Based on Table 1, Yolov5n is a newly announced nano model that is the smallest in the family. It is designed to be used for edge computing, Internet of Things devices, and has support for OpenCV deep neural networks. When saved in INT8 format, it is less than 2.5 MB, and when saved in FP32 format, it is roughly 4 MB. It works wonderfully for applications on mobile devices. Next, Yolov5s is the smallest model in the family and has approximately 7.2 million parameters. It is an excellent choice for performing inference on the CPU because of its tiny size. This is the medium-sized model, Yolov5m, which has a total of 21.2 million different parameters [36]. Due to the fact that it strikes a healthy mix between speed and accuracy, it is possibly the model that is most suited for the majority of datasets and training [37]. Moreover, the Yolov5l model has 46.5 million different parameters and is the largest member of the Yolov5 family. It works wonderfully for datasets in which we need to identify more discrete items. Furthermore, the Yolov5x is the largest of the five models, and it also has the highest mAP value of the five. It is considerably slower than the others and contains 86.7 million parameters [6].

3. Results

3.1. Taiwan Road Marking Sign Dataset (TRMSD)

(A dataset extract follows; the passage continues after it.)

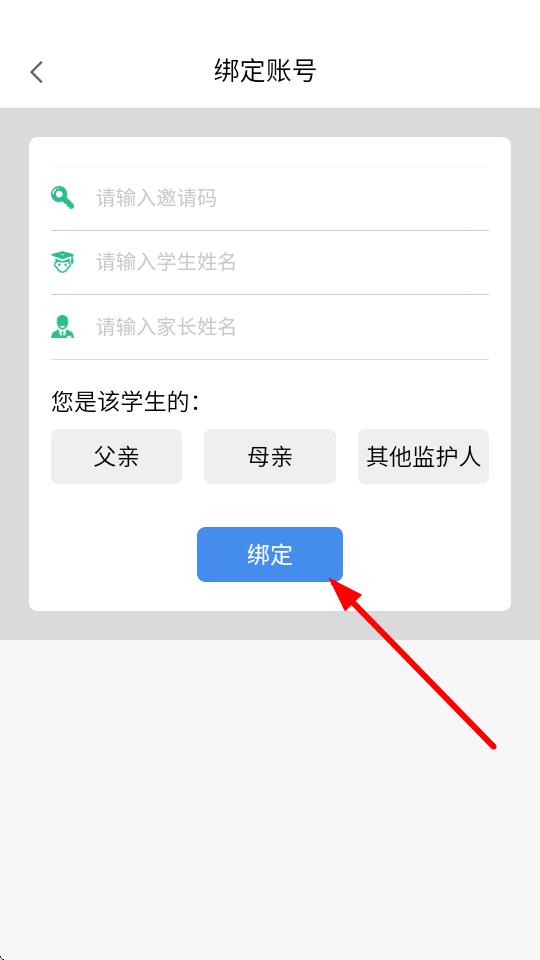 4、在綁定賬號(hào)頁(yè)面,依次輸入邀請(qǐng)碼、學(xué)生姓名、家長(zhǎng)姓名,選擇與學(xué)生的關(guān)系,最后點(diǎn)擊綁定按鈕完成綁定。

In addition, we carried out this experiment utilizing images obtained from various video and image sources in order to simulate the road marking signs that are used in Taiwan. Eighty percent of images in the dataset are used for training, while the remaining twenty percent are used for validation. Figure 2 shows the Taiwan road marking sign dataset (TRMSD) sample image and Table 2 displays the TRMSD statistics. Furthermore, to prevent an imbalance in the data, we use images with a range of 391–409 for each class. Thus, our dataset consists of 6009 images in total, each with a size of 512 × 288.

Our experiment consisted of 15 classes (P1–P15), including Go Straight Turn Left, Turn Right, Turn Right or Go Straight, Turn Left or Go Straight, Speed Limit 40, Speed Limit 50, Speed Limit 60, Speed Limit 70, Zebra Crossing, Slow Sign, Overtaking Prohibited, Barrier Line, Cross Hatch, and Stop Line.

3.2. Training Result

The training process and result are explained in this section. We divided our dataset into a training subset and a testing subset: 70 percent for training and 30 percent for testing. Figure 3 describes the training process for batch 0 and batch 1. The anchor boxes are generated by Yolov5 with the help of a genetic algorithm. This procedure is referred to as the auto anchor process, which recalculates the anchor boxes in order to better match the data in the event that the default ones are inadequate. To generate k-Means evolved anchor boxes, this is combined with the k-Means algorithm. This is one of the reasons that Yolov5 performs so admirably even on a wide variety of datasets. Figure 4 describes the Yolov5 validation process for batch 0 and batch 1. During the training phase of Yolov5, four individual images are spliced to form a larger image. Each of the four individual images is subject to a random processing step during the splicing phase, which results in varying dimensions and configurations for each individual image. To make an analysis of our model, we will use the validation script. Using the “task” option, one can decide whether the performance is evaluated across the training dataset, the validation dataset, or the test dataset.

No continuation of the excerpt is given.